I don't want to admit how many years I got out of my last board, because I'm sure people will make fun of the fact that I was riding a Kemper all the way to 2010.  Yes it was a late 90's Kemper FS, fairly stiff for it's day, lots of camber, and it actually made a great freeride board for all those years.

So if I get even 5 years out of a Kessler, at $1300 plus bindings (say $1800 all in), at 30+ days per season, that's just over $10 a day for board and bindings. Considering I got 15 years out of a Kemper and I don't take it easy on the hill (I do however watch for rocks), I should be able to get a long time out of a Kessler.

There's just no way in hell I'm spending $1300 without even touching and feeling the thing. The T7 wasn't cheap either, but I got everything end of season so I only paid $500 for the board, $275 for C60 EST bindings, and $200 for Driver X boots. Full setup for less than a grand.

Anyway, thanks for the feedback guys...

Aaron


----------



## linvillegorge (Jul 6, 2009)

If I drop $1300 on a snowboard, it better jerk me off as I ride.


----------



## poutanen (Dec 22, 2011)

linvillegorge said:


> If I drop $1300 on a snowboard, it better jerk me off as I ride.


Lets see, my seasons pass this year was $900. I've already spent $120 on lift tickets for other destinations. I've spent $350 on lodging. Probably almost as much on meals. $120 on some new gear (body armour, don't laugh)... So over $1800 already and I'm only 1/3rd of the way into the season. It'd be way higher if I had to pay for gas! It's 220 km there and back to my closest mountain. Figure that costs about $20-25 in gas for one day.

I've got no problem paying the extra couple bucks a day if in fact that board is right for me! 

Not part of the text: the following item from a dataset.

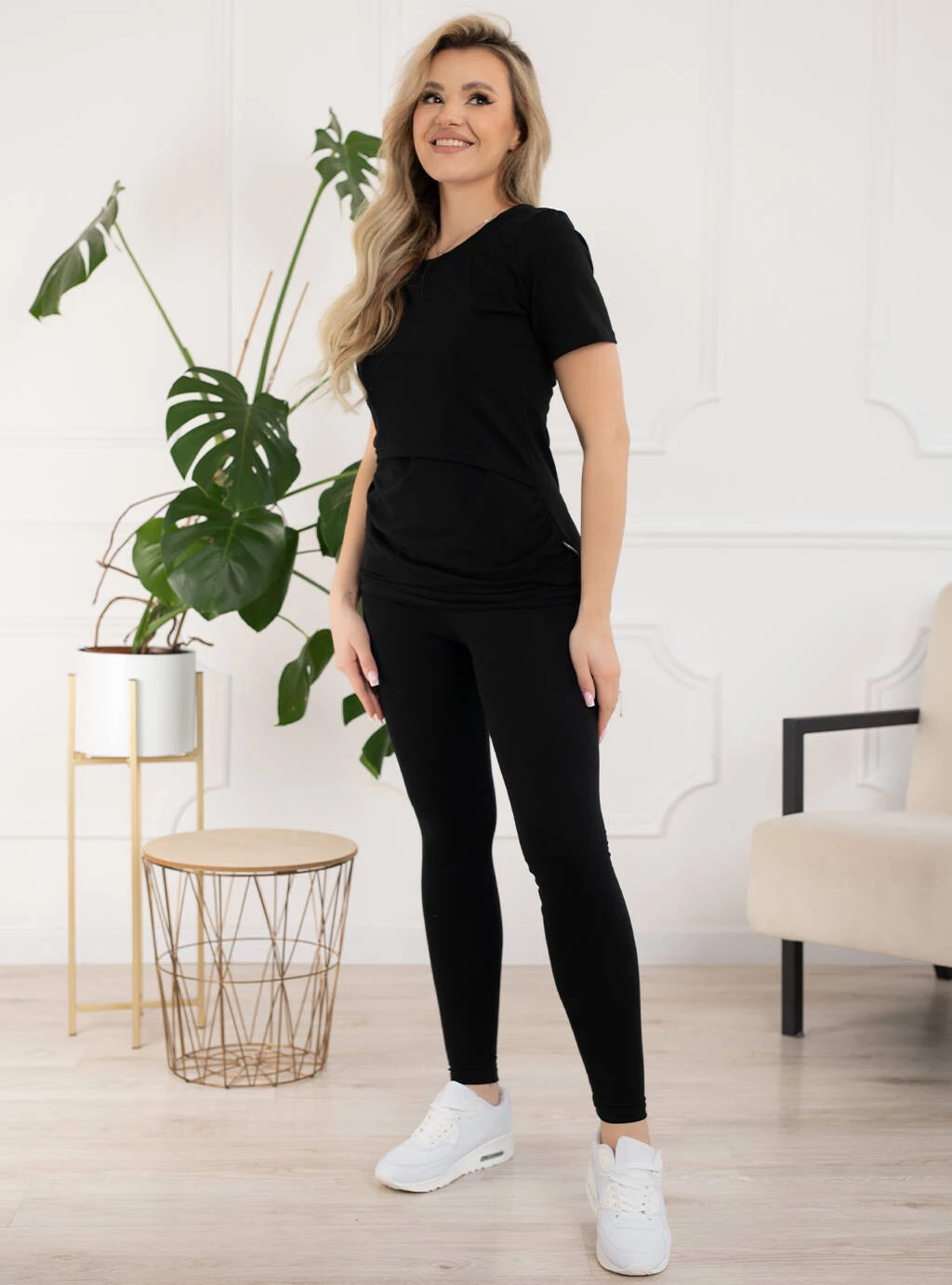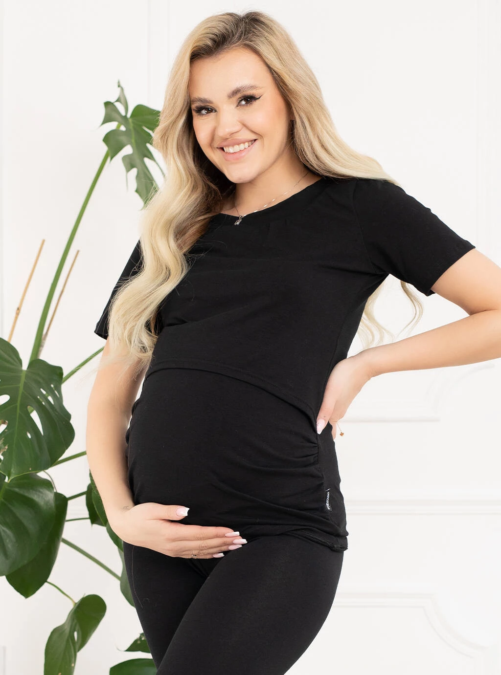 Tentočerné těhotenské tričko má krátké rukávy, klasický kulatý výstřih. Pod prsy má možnost kojení v podobě překrytí zakončeného na jedné straně gumičkou. To matkám usnadňuje diskrétní a pohodlné krmení dítěte, aniž by musely odhalovat celé tělo. Přední část halenky je o něco delší, takže si můžete být jisti, že zakryje celé bříško.

And nobody can call me a boutique board buyer or a burton fanboy, or I would have just gone with a Vapour which would make no sense for the riding I do.


----------



## lonerider (Apr 10, 2009)

poutanen said:


> Not me!!! I just want a stiff free-ride board that I can bomb with. So far the T7's been great, I've used it in all kinds of conditions and it certainly lives up to the hype. It was weird for the first couple runs riding a board that stiff however.
> 
> The Kessler Ride has the same profile of pretty much any other freeride board. It is a soft boot board. Directional shape and flex I believe, which is again the same as my T7. I only ride about 10% of the time fakie so that's fine by me. I'm just wondering if it's as stiff or stiffer than the T7, how the Titanal & Wood core would stand up to years of abuse compared to the Burton Alumafly core (aluminium honeycomb, similar construction to helicopter rotors or so I hear).
> 
> ...


They are probably a lot better now a day... but a couple of years ago Titanal (aluminum alloy) boards were noticeably less durable than standard wood/fiberglass construction because it was difficult to bond properly (hence more prone to delamination over). I haven't kept track on the last 4 years, so maybe they've solved that issue as at the time titanal was a new material being used... again I would try the BOL forums for more info. If they fixed the bonding... then the board should technically be more durable since it wouldn't gradually lose it's springiness like a wood/fiberglass board does over time.


----------